Attached to the Sky Tower’s exterior is a pipe organ in the shape of a harp that plays in 5-minute bursts 20 times per day. Listed by Guinness World Records Ltd.’s Book of World Records as the world’s loudest, the pipe organ is capable of achieving 139 decibels (dB), surpassing the typical 120 dB of a thunder clap and nearly equaling the usual 140 dB of a jet engine. Played by two female musicians, the organ’s daily mix incudes opening and closing music, as well as the national anthems of participating countries, all of which can be heard up to 3.5 miles away.


Q. What is the official theme of Expo 2012? Why was it selected?

A. The theme for Expo 2012 is “The Living Ocean and Coast: Diversity of Resources and Sustainable Activities.” The motto refers to the manifold challenges of living in a time when the supply of drinkable water may go from tenuous to disastrous. According to the Washington, DC-headquartered World Bank, 80 percent of all countries currently suffer water shortages, while a total of 40 percent of the world’s population — a number exceeding 2 billion people — have limited or nonexistent access to clean water. Moreover, the International Centre for Integrated Mountain Development (ICIMOD) in Kathmandu, Nepal, reports that perhaps 3,200 Himalayan glaciers that source Asia’s nine biggest rivers — including the Ganges, Indus, Yangtze, Mekong, and Yellow — could literally melt away by 2035, due to measurable global warming. Nearly 1.3 billion people from Pakistan to Myanmar depend on these rivers for liquid sustenance.

Other countries’ supply is menaced for reasons that lie more with threatening enemies than threatening environments. Nations such as Cambodia, Syria, Bulgaria, the Congo, Gambia, and the Sudan receive 75 percent or more of their fresh water from rivers whose sources lie within the control of belligerent neighbors. Expo 2012’s mission, in part, will be to explore technological innovations that can alleviate the expected shortages, but it will also attempt to shift attendees’ perspective about water problems from a local mindset to a global one. The message will be brief but hopefully memorable: What affects someone in Nepal also impacts someone in Nebraska.

Expo 2012 continues the ecological motif that first appeared at Expo ‘74, in Spokane, WA. Its “Celebrating our Fresh, New Environment” theme extended an emerging Green consciousness, evidenced by the first nationwide Earth Day celebration, the passage of the Clean Air Act, as well as the creation of the Environmental Protection Agency, all just four years before in 1970. Subsequent expos, such as Expo ‘75 in Okinawa, Japan, offered “The Sea We Would Like to See,” and was situated mostly on a floating ocean platform called the Aquapolis. Similarly, “Ships and the Sea” was the theme of Expo ‘92 in Genoa, Italy, while “The Oceans, A Heritage for the Future” served as the rhetorical banner for Expo ‘98 in Lisbon, Portugal. The most recent international/specialized fair, Expo 2008 in Zaragoza, Spain, relied on “Water and Sustainable Development” as the fair’s unifying tagline.

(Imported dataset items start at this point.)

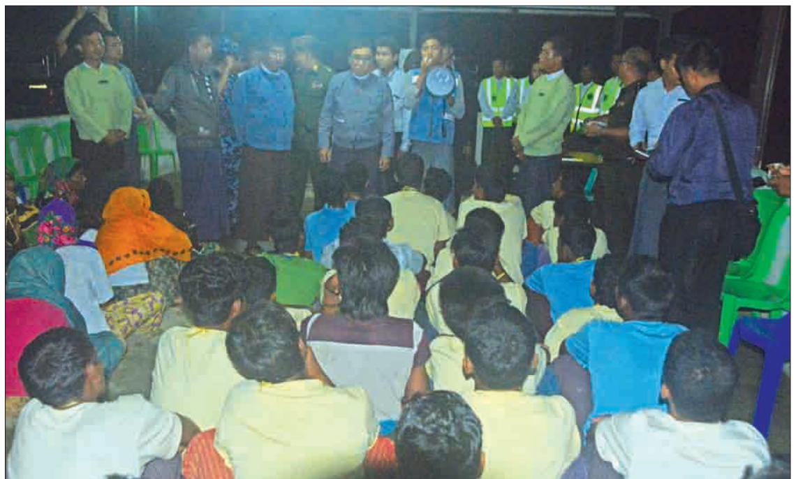
Union Minister Dr Win Myat Aye (Centre) and Officials meet the boat crash survivors at Nga Khu Ya reception centre.

The Social Welfare Department will send psychosocial support and the Ministry of Health and Sports will open a medical tent to provide health-care to the boat crash survivors.—Myanmar News Agency ■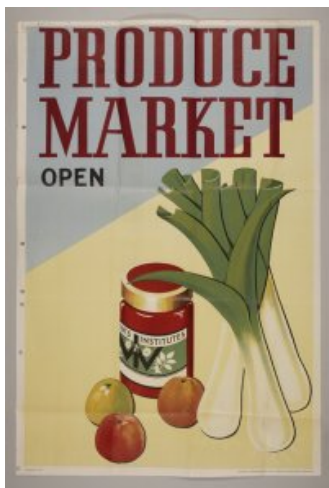
Ad for WI markets, 1940s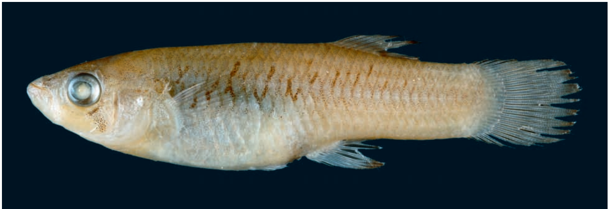
Fig. 2. Gambusia zarskei ; Mexico: Balneario San Diego de Alcalá, paratype, MTD F 31803, female, 28.6 mm SL.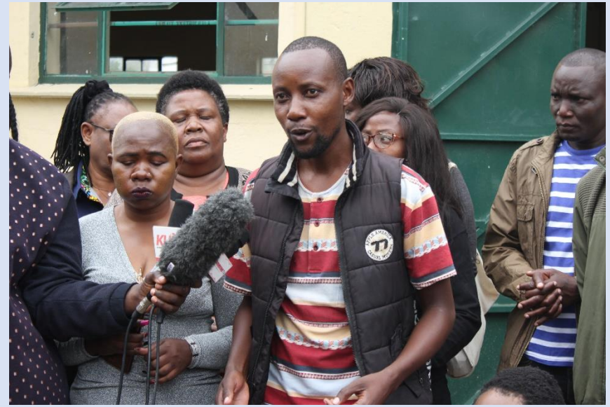
Press and Media Briefing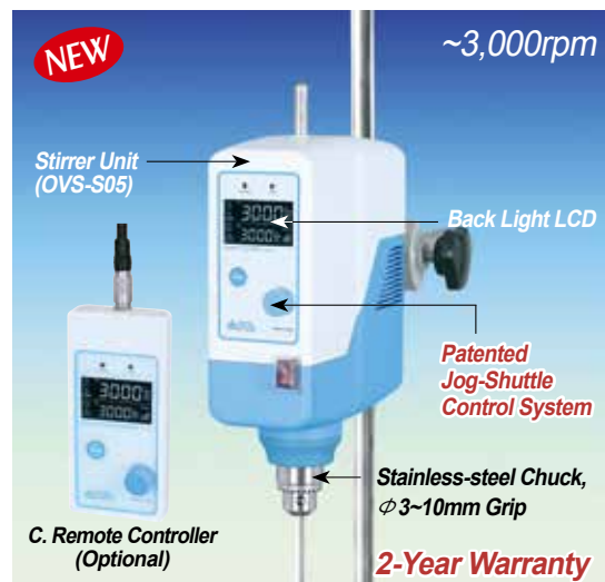
A. Max. 100Lit (H 2 O) PREMIUM “OVS-S05” Unit Only

DAIHAN® PREMIUM Hi-Speed Overhead Stirrer “OVS-S05”, with Hi-Capacity BLDC-motor, 2:1, Max. 3,000rpm NEW With Torque(Ncm)- / Viscosity(mPas)- / Temperature(°C)-Real Time Display, Optional Remote Control, 50,000mPas, Max. 100Lit 프리미엄 고속 교반기, 저/중점도용, 고사양 BLDC-motor, 토크- / 점도- / 온도-표시기능, “Push-Through” Shaft(φ 10mm or Less)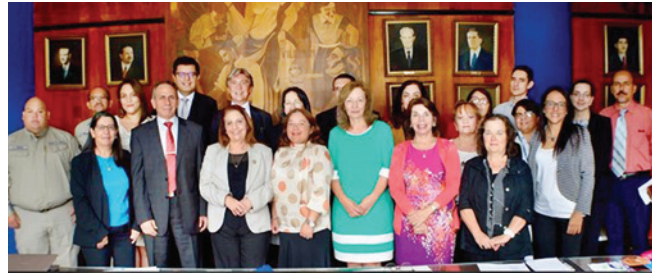
Participants of the RISS mission, Costa Rica

Final report: three months after the mission.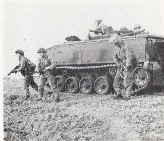
2nd Bn. Grenadier Guards training with an Armoured Personnel Carrier, Wuppertal, Germany.

The armoured car regiment is stationed at Windsor and provides air portable armoured reconnaissance squadrons for the Strategic Reserve.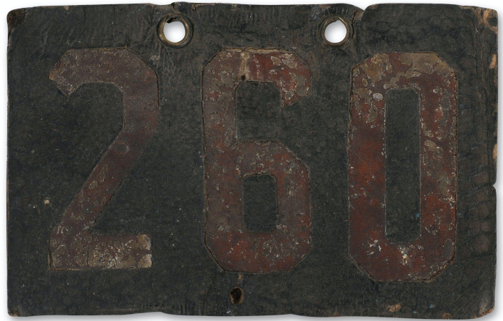
Ontario leather motorcycle license plate from 1907, one of only a few known, with original brass grommets and remnants of the original white paint on the numbers (est. CA$5,000-$7,000).

This press release can be viewed online at: http://www.einpresswire.com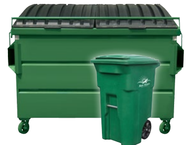
GREEN = ORGANICS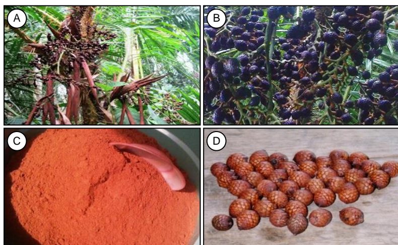
Figure 1. Performance of jernang ( Daemonorops sp.). (A) Tree of jernang. (B) Jernang fruits at the tree branches. (C) Harvested fruits. (D) Jernang powder or dragon blood as primary raw materials applied in pharmacy and industry (DIA Aceh 2018).

In general, its application has been widely known in the traditional ancient chinese medicines for centuries as haemostatic agent, antidiarrhetic, antiulcer, antimicrobial and as anti-inflammatory (Figure 1). Particularly the dracorhodin, a natural biocompound which belongs to the anthocyanin family and distinguished as the valuable pharmacological substance for its antitumour and wound healing activity [2,4]. Besides, it is also applied in artistic applications in most of European churches in the 16 th centuries as reverse glass paintings or so called Hinterglasmalerei ; varnishing, or as red lacquer polish in most of expensive art works of furniture, violin or ceramics. It has also been applied as natural dyeing for clothes by some indigenous tribes of Borneo for its vivid color [5,6].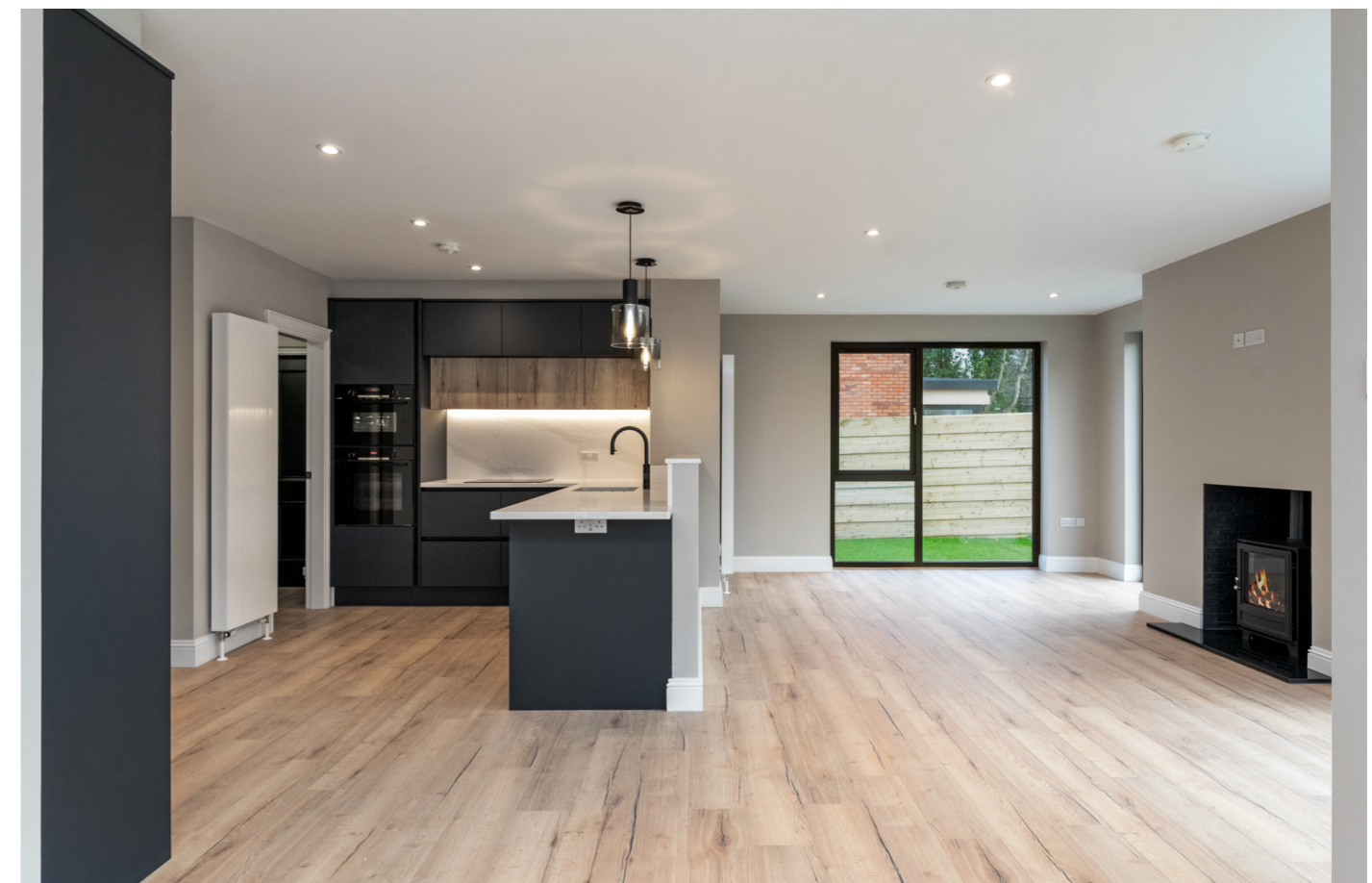
Complete with appliances and Quooker boiling hot water tap

Typically, world expos choose a theme that addresses the anxieties of the era and allays them through the panacea of technology and science. With the dark chill of World War II descending from Europe, the 1939 New York World’s Fair invoked a bright future after the storm, with the slogan “Building the World of Tomorrow.” The pain of the Cold War and Vietnam could be balmed, if not healed, with the sentiment behind the 1964 New York World’s Fair, “Peace Through Understanding.” In Montreal, Expo ‘67 took its theme, “Man and His World,” from Antoine de Saint-Exupéry’s hopeful 1939 book “Wind, Sand and Stars.” The rhetorical rallying cry for Expo ‘70 in Osaka, Japan, was “Progress and Harmony for Mankind.”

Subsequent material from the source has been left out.